Interactive HEALPix maps with Bokeh

One of the most common plots in astrophysics is the 'all sky map', which visualises the value of some quantity across the entire sky. For instance, you can visualise the number of stars per square degree catalogued by the European Space Agency's Gaia space telescope by downloading a dataset from CDS and plotting it with the Python healpy library.


These visualisations are attractive, but really not that useful. You can compare two points on the sky and tell which has a greater density of stars, but you can't answer detailed questions like 'what are the coordinates of this interesting cluster of stars?' or 'how many stars are at this precise location?' They are also quite large files, requiring a large number of image pixels to represent the shapes of the much smaller number of HEALPix pixels (which are misaligned with the x-y pixels on your screen).

I decided to address these issues by creating an interactive version of these plots using the Python Bokeh library. Rather than plotting a 2D raster image of the HEALPix map, I directly plot the individual HEALPix pixels as vector polygons. This has several advantages:
  1. Each pixel will be perfectly resolved at any zoom level.
  2. We can add tooltips so that information about each pixel and its value appears when you hover over the pixel.
  3. The file size is smaller because you only need to store the (x,y) vertices of each pixel polygon and its value.
I needed to solve several problems to make this work. I first calculated longitude-latitude coordinates along the four edges of each pixel using the astropy_healpix package. I then used the healpy package to rotate those coordinates into the required frame (for instance, from Equatorial to Galactic) and project them using a Mollweide projection. The Mollweide projection has a discontinuity at 90 degrees longitude and so I had to split the pixel polygons that crossed that discontinuity into two separate polygons. I used the Shapely library to then simplify these polygons, preserving topology and required that the points in the simplification were always within 0.001 of the original. Finally, I stored these polygons (and multipolygons, for those polygons split by the discontinuity) in a geopandas dataframe. 

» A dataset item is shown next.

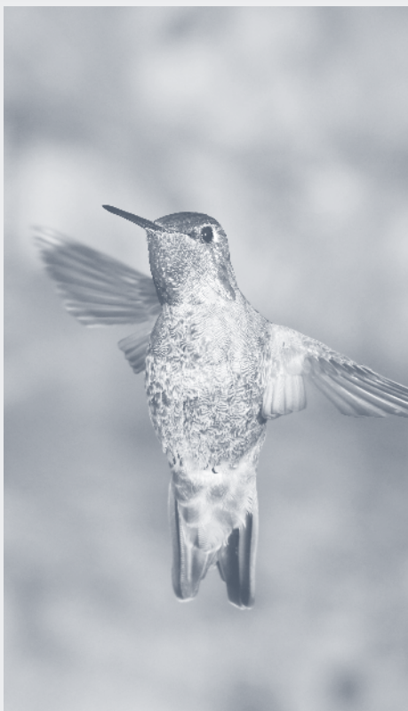
Anna's Hummingbird, a summer species in the Georgia-Puget Basin ecoregion.

The geopandas dataframe can be easily joined with any pandas dataframe containing the values you want to use to colour each pixel, and then plotted using Bokeh patches. For comparison, here is the same data as shown above but plotted using pixel polygons.

Bokeh Plot


There are several ways that I plan to improve on this in subsequent posts!
  1. Give the coordinates of the pixel in the tooltip.
  2. Speed up the loading of the polygons so that I can go to greater resolution.
  3. Link the map to a second plot so that you can click on a polygon and see data related to it. For instance, you could click on a pixel and see the magnitude distribution of the stars in that pixel.
  4. Add the ability to switch between different maps with a slider or radio buttons.  For example, you could have the ability to show the number of stars reported by each edition of the Gaia catalogue. This would only marginally increase the size of the file because you only need one extra number per pixel for each extra map, compared to the ten or so numbers required per pixel to define the polygon.
As always, the code behind this post this blog post is available on GitHub.